Album review: Silent Planet – SUPERBLOOM
California metalcore mob Silent Planet mix djent, electro and shoegaze to intoxicating effect on fascinating fifth album SUPERBLOOM.
It’s funny how projects change shape, sometimes. The two-year writing and recording process for Silent Planet’s ambitious fifth album was split in half by a van crash during a Wyoming snowstorm while on tour in November 2022, and the resultant 12-song sprawl seems to have been fractured by the experience. Thrillingly so. On one side, you have the weighty electro-infused djent they’d been building for the previous 13 years, while on the other bleeds in a sense of almost supernatural, shoegazey wonder following their brief brush with death.
That title, SUPERBLOOM, encapsulates the resultant soundscape well. A reference to the verdant wildflower displays that sporadically carpet the arid, inhospitable California desert, it translates to a foundation of vicious alt.metal wreathed in cosmic synths and fluttering vocal layers of melancholy and wonder. Offworlder and Dreamwalker, for instance, feel like they could be vicious bonus-level offcuts from Mick Gordon’s DOOM soundtrack. But songs like Antimatter trade such violent immediacy for pulsating grooves and dense sci-fi atmospherics obsessed with the endlessness of outer-space.

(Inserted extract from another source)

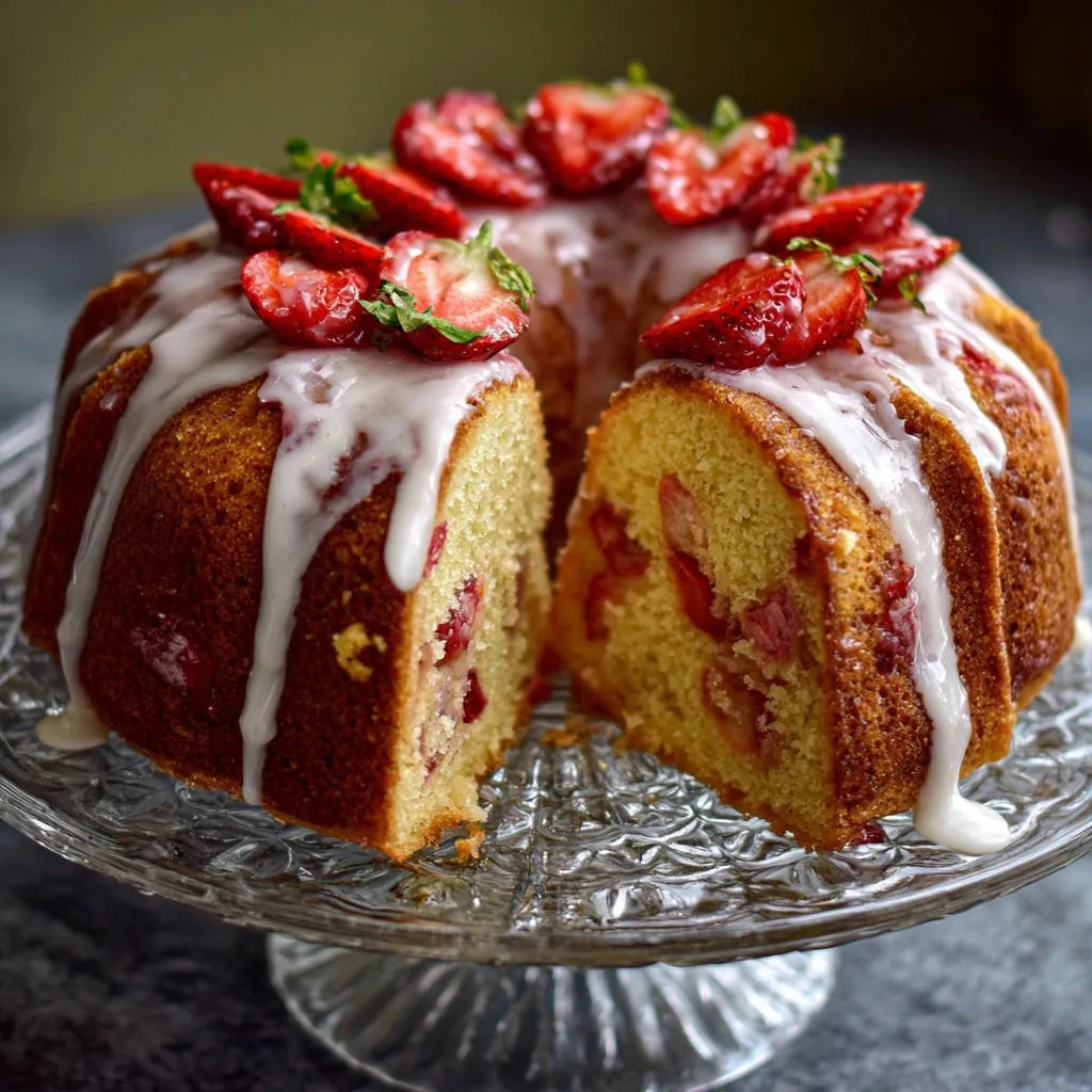 - Once the cake is completely cool, drizzle the glaze over the top, letting it run down the sides. Garnish with fresh strawberries before serving.

A heavy handedness upsets the balance, occasionally. Overproduction robs excellent vocal performances of their humanity to jarring effect here and there, and a few moments of sheer Meshuggah-styled heaviness pale in comparison to the complexity elsewhere. But the ability to make sounds that are ubiquitously on-trend these days feel fresh and truly cutting-edge must be applauded. And by the time the title-track concludes SUPERBLOOM’s loose alien narrative in a crescendo of breathy high drama, you’ll be ready to follow Silent Planet to infinity and beyond. Give these lads their flowers.